Local authorities conveniently pass the buck on to the central government for this gap and hide behind the lack of funds dispensed by the bosses at the top. They claim that of the 20 zones in the city work on installing fresh pipelines in seven zones (largely in the Old City) is currently on. “It is not possible to change the pipes throughout Hyderabad. Small replacements can be made but there are no funds for an extensive job,” reiterates Sundar Ram Reddy, in-charge director (technical), HMWS&SB. He, however , adds that the department undertakes regular maintenance of all pipelines and is even quick to act on any complaint.
But even as officials try to paint an all-is-well picture, residents are no longer in the mood to be fooled. With drinking water standards deteriorating by the day, a chunk of aware denizens have now started to test their water before pouring out a glass of it to their families.
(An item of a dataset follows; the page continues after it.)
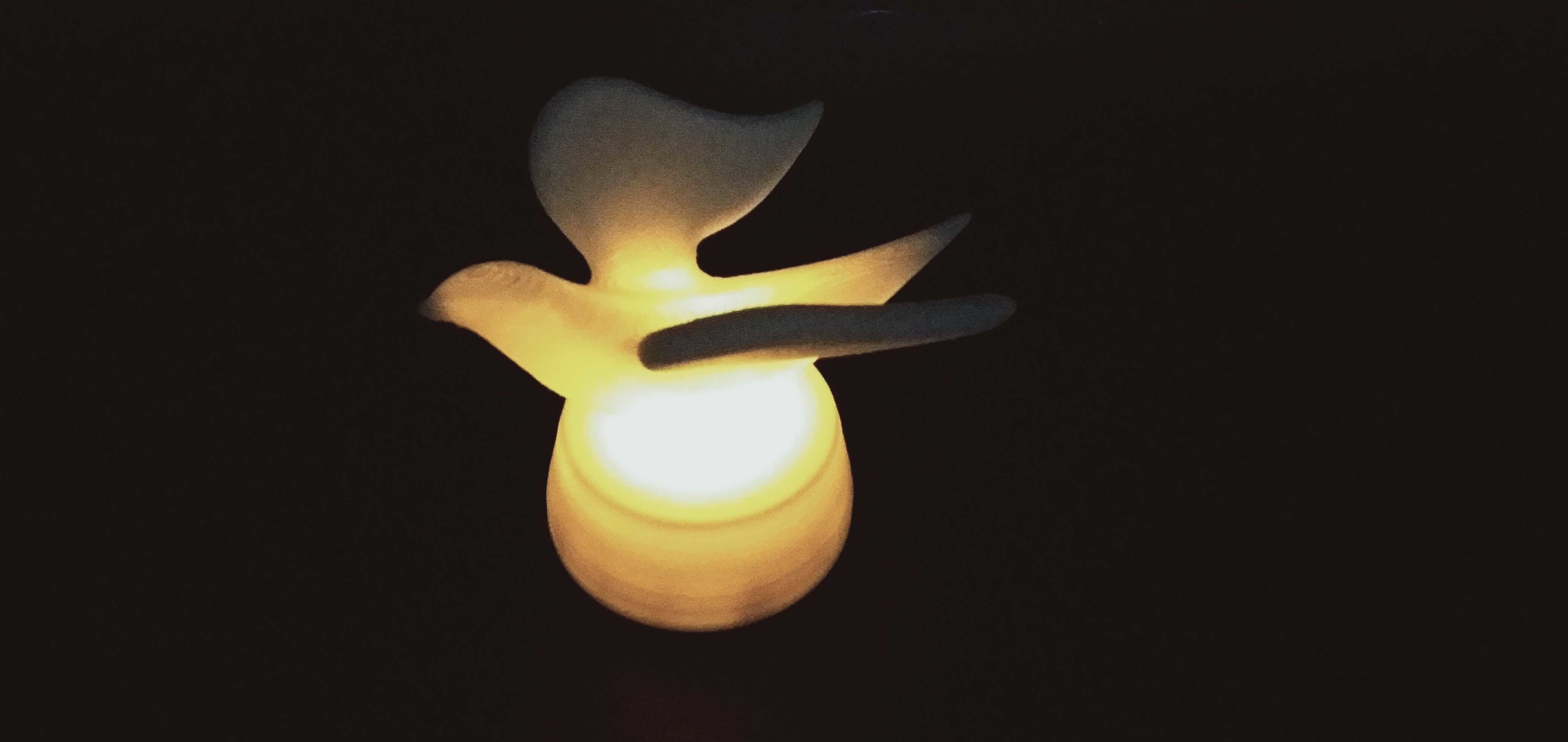「ダヴ」の空ボトルをブランドのシンボルである鳩のかたちのLEDランプにリサイクルしたものです。ライトダウンした店内テーブルの演出に活用します。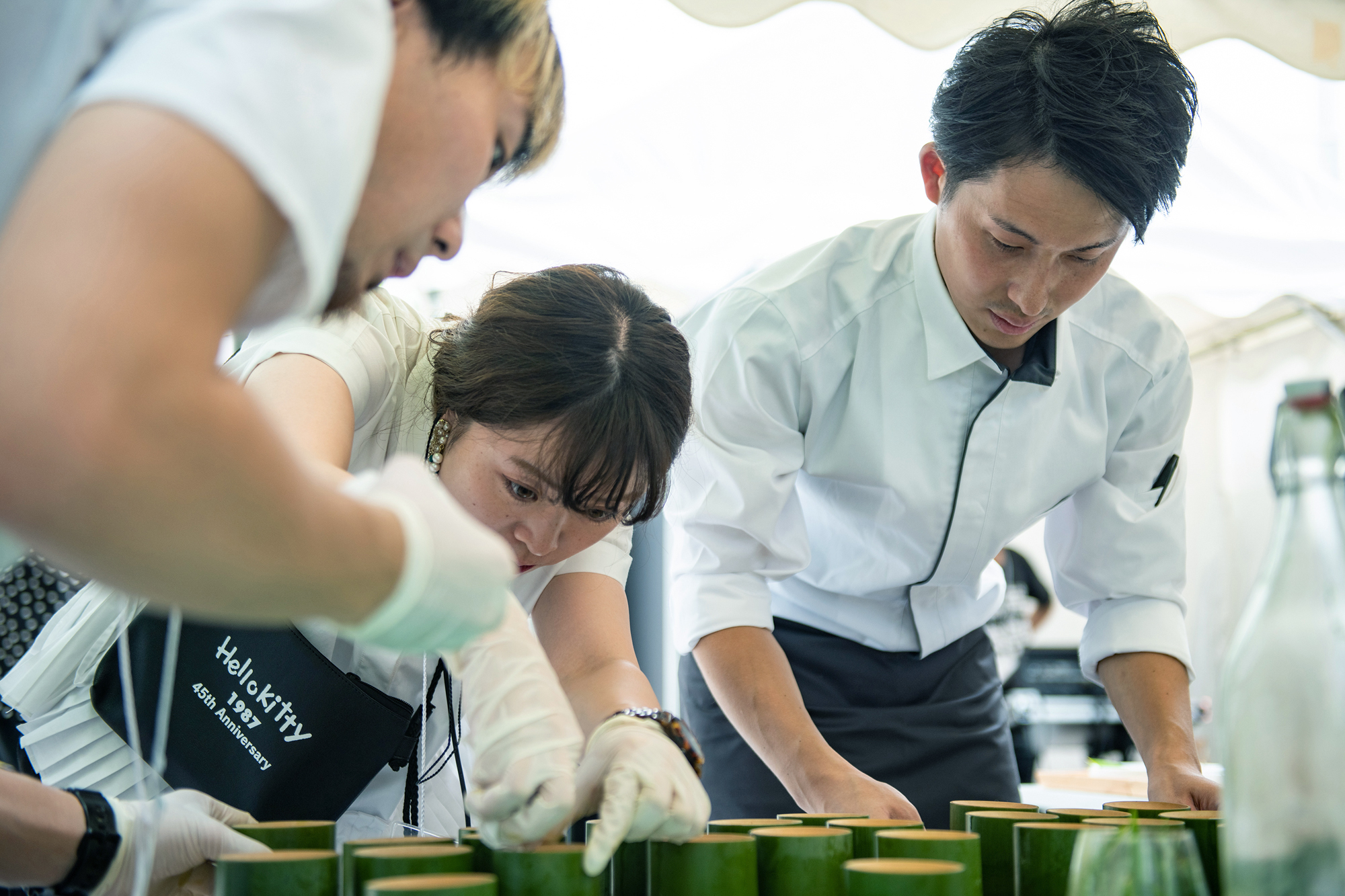 第二弾である今回は、全国各地で「放置竹林」が増加し社会問題となりつつある「竹」にフォーカス。パウダー状にした放置竹林の竹をすべての作品に使用し、海外からも注目を集める 新進気鋭のシェフ薬師神 陸氏と、和菓子作家の坂本紫穗氏による、合計8品の和菓子のフルコースを発表しました。

Apart from the municipal supplies, even the bore-well water is often taken to laboratories for a quality check. “We do get a lot of such cases these days as people are very cautious about the water they drink. Manjeera water samples though often found in the lab are not too many in number. That is because there is still limited awareness,” says B Anjaneyulu, chief water analyst at the Institute of Preventive Medicines. The institute’s monthly water monitoring reports this year have detected ‘unsatisfactory’ quality in several areas including Somajiguda , Narayaguda, Erragadda, Noorkhan Bazaar, among others.
Not surprising then that households across the twin cities are now resorting to intensive purification of their manjeera before consumption.
According to Menon, most middle-class residential societies in Hyderabad these days are opting for such safety measures (especially reverse osmosis systems ), the demand for which has shot manifold over the last couple of years.
The fact that city’s stinking, coloured drinking water has also allowed the packaged water business to blossom into a multi-crore industry is no longer a secret.